When winter arrives and brings shorter days, I add additional lights. As you say, this is just more urban lights, but a bike light--especially if it is blinking--does make you more visible. I prefer a light with an erratic blink pattern, such as Planet Bike's BLAZE with superflash mode (http://ecom1.planetbike.com/3047.html). This erratic pattern forces you to the forefront of attention.

Lights and reflectors are essential but are not the whole answer. I ride at night to be right where the motorists can see me. It is always important to do this, but more so at night. When there is no bike lane and no wide shoulder, I take the MIDDLE of the lane. This is particularly important in an urban setting like Oakland or Sacramento, CA--where I ride. Traffic in the city is heavy and often not much faster than I am. Often cars are maxxing out at 25mph whereas I'm riding at around 15-18mph. I can ride in the middle of the lane and if they're anxious, they can pass me. The downside of this is that I hear a few drivers sounding their horns in protest. The upside is that no one is surprised by me.
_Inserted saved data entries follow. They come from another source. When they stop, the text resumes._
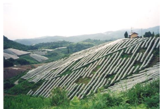
〔急な斜面のぶどう畑〕
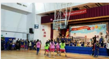
八、九年級籃球 三對三活動
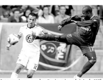
Intervenție spectaculoasă a jamaicanului Andy Williams în remiza echipei sale, Salt Lake, cu DC United
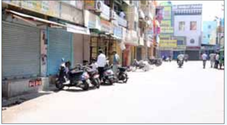
காவிரியின் குறுக்கே மேக்கேதாட்டு அணையைக் கட்டத் திட்டமிடும் கர்நாடக அரசின் அடாவடித்தனத்தை எதிர்த்து தஞ்சை டெல்டா மாவட்டங்களில் நடந்த கடையடைப்புப் போராட்டம்

மனைத் தொழிலில் ஈடுபட்டுள்ள புதுப்பணக்கார மாஃபியா கும்பலின் ஆதாயத்துக்காகவும் ஏரிகள் தனியாருக்குத் தாரை வார்க்கப்பட்டன; அல்லது, அவை வீட்டுமனைகளாக மாற்றப்பட்டன. இதனால்தான் பெங்களூரு நகரில் குடிநீர்தட்டுப்பாடும் கட்டணக்கொள்ளையும் தீவிரமாகியுள்ளது.
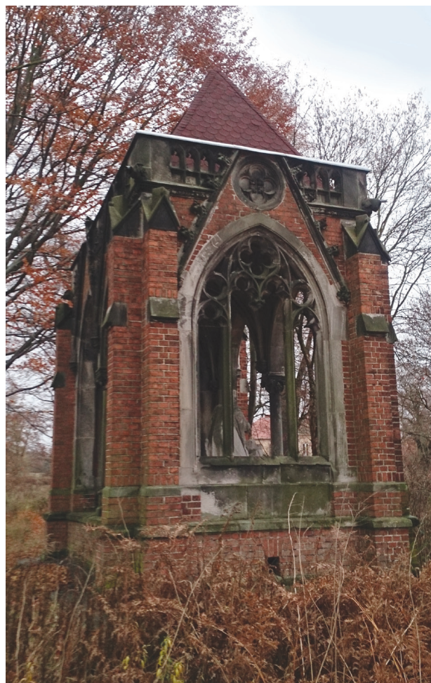
Il. 7. Elewacja tylna z oknem maswerkowym, widok od strony alei lipowej. Stan z 2015 r.

Fig. 6. Remains of the sculpture by Rudolf Siemering with a linden alley in the background. State of preservation in 2015
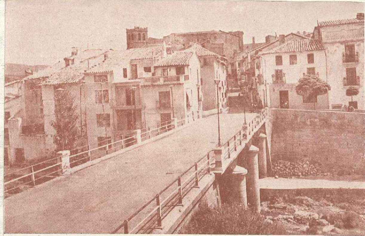
PUENTE NUEVO Y C. HISPANO AMERICA

los colores de la infancia y a que la dulce fragancia de los truenos, pesos de la vida claudicante de miles y millones que por su historia pasada cuenta la gran historia en sus antiguos muros que hoy a su alrededor como espaldas de la vida rítmicos y sencillos que al ritmo empírico están de nuevo cubiertos con el material que hoy está ya hecha la historia cuando todo el mundo y la vida la española con la gran historia que la vida española que de la vida española bajo el mundo de la vida española y de la vida española
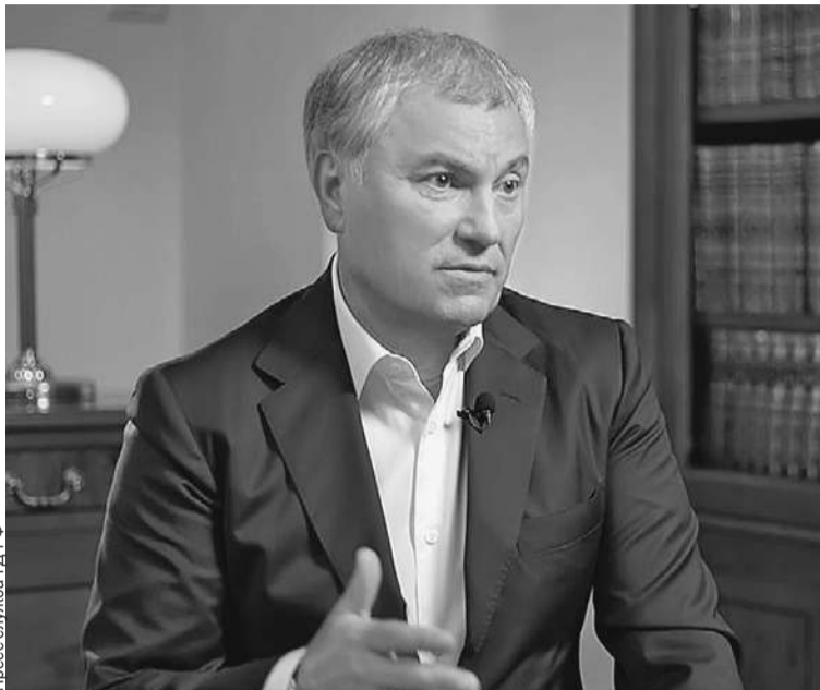
- Задачи, поставленные Владимиром Путиным и Александром Лукашенко, должны решаться оперативно.

- Раньше это были, как правило, традиционные группы дружбы: обменивались делегациями, приезжали, высказывали заверения дружбы. На этом практически вся работа завершалась, - объяснил он. - Сейчас мы, предложив
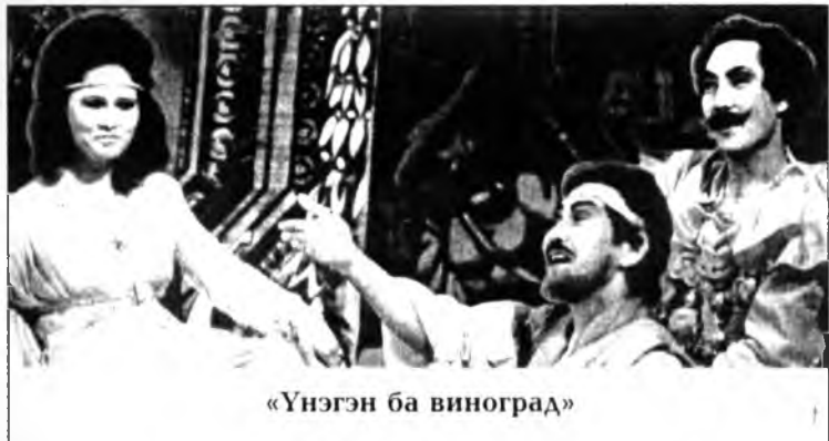
«Үнэгэн ба виноград»
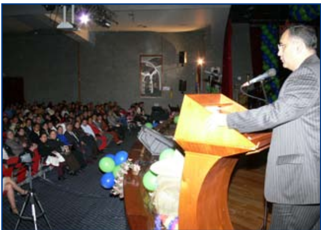
Palabras del Gerente
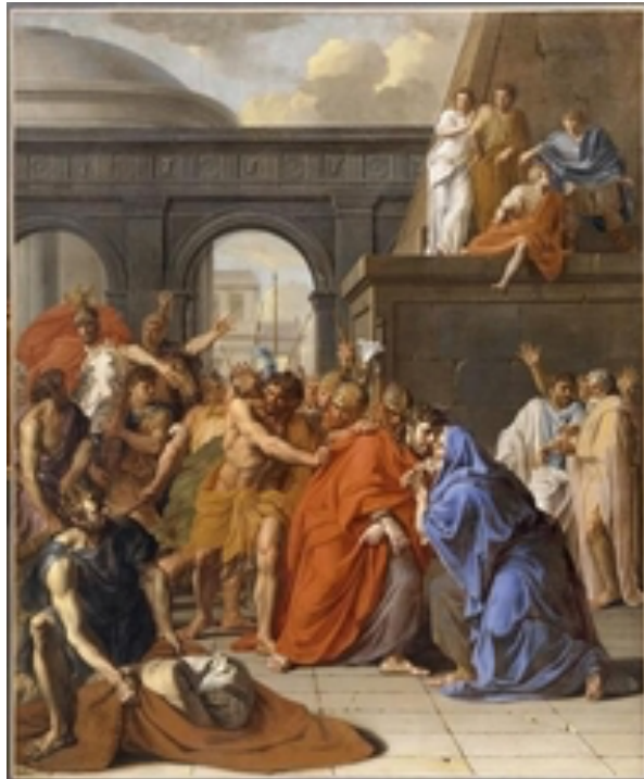
Grand May de Notre-Dame de 1661 9

No driver wants to damage their $20,000+ automobile by hitting a cyclist. I'm a big guy, too--I'd damage their car. So I ride right where they see me.

Most places where I ride are urban city streets--usually with two lanes in each direction, sometimes a left-turn lane. I use all of these just as a motorist would--and California state law supports me in doing this. My goal and the goal of the law here are to be visible and predictable. I ride like I belong there--without trying to be a jerk about it. The motorists have a passing lane to get around me--and if they don't, I let them pass whenever it's safe and with easily-recognizable hand signals. If they're right behind you, after all, you have their attention.

Be both visible AND predictable.

Have good situational awareness--know what's going on all around--and react to motorists who may not be doing the same.

Have a safe ride!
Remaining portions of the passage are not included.